Get a business partnership agreement
The most important thing when it comes to going into partnership with someone else is to put a partnership agreement in place. This is crucial, as, without it, you and your business are unprotected. You need to get the ins and outs of your partnership written down in an agreement, to ensure that both you and your new partner are on the same page.
To ensure that your partnership agreement is fair and legal, it’s best to consult a lawyer. There are plenty of firms out there that offer help with partnership agreements, something that you can find out more info here about. There are lots of areas that you need to discuss before you can draw up a partnership agreement. These include the percentage of ownership, the amount of profits each owner will receive and who will be head decision maker.
How to work out percentage of ownership
Of course, the question is, how do you work out the percentage of ownership? This can be a tricky one as the chances are you’ll both have different opinions on this. Just because one person puts a larger amount of money into the business, the doesn’t mean they own more of it. If one person is just a financial partner, and the other is the one who does the hard work, the profits can be split equally. This tends to differ from company to company, and person to person. This is something that you and your partner need to discuss together. Remember, the percentage of ownership that you each have will affect the amount of profits that you receive.
How do you choose the head decision maker?
As a rule of thumb, the head decision maker tends to be the person with the higher percentage of ownership. However, don’t just presume that this will be the case – discuss it with your partner.

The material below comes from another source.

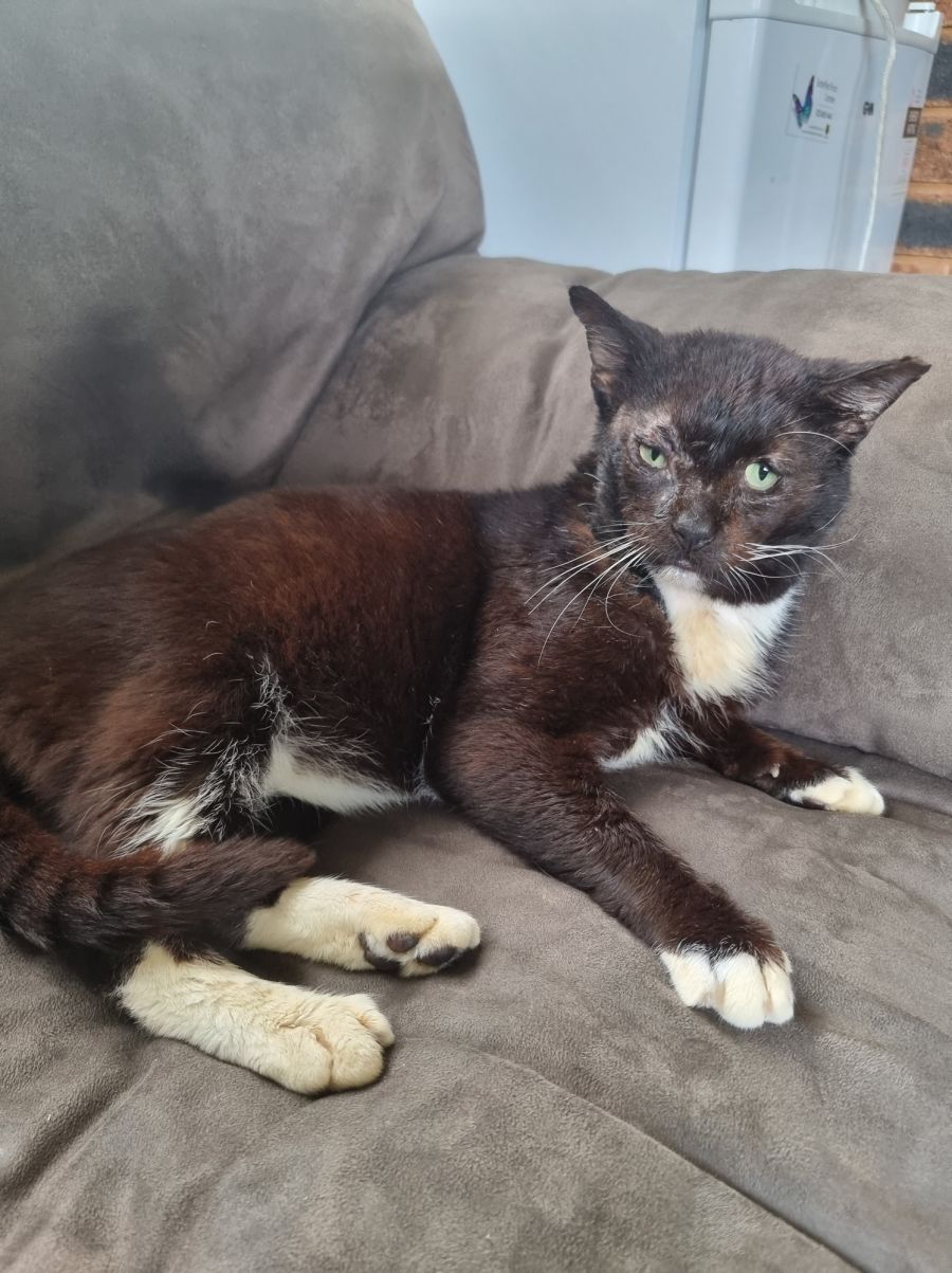 Biggie had his health check and being an older boy who has lived a hard knock life, there were no real surprises. Biggie is FIV positive, it's not unusual in cats who are allowed outdoors. Some of Biggie's teeth weren't in great shape, so his canine teeth were removed, making him more comfortable and to prevent further problems. Biggie's face is healing well, but being such a big wound that he had, the scaring means his hair is a little sparse and will probably remain that way, it just adds to his charm though. Biggie has had some flu like symptoms, and has a slightly irritated eye, which could possibly have been related to his original wound, however, his carer thinks he may have accidentally done it himself while cleaning, it is improving, and she is keeping an eye on it's progress to report back to vet.

If you’re both going to be equal when it comes to decisions, it’s a good idea to put a process in place for making it easier. Talk to other business owners who run their company as part of a partnership and ask them how they make their decisions. Get some ideas, and then sit down together and discuss them. It might take some time, but you’ll find a process that works for you.
Once you’ve dealt with the ins and outs of partnering up, and have got your agreement in place. You can then get to work making your business bigger and better.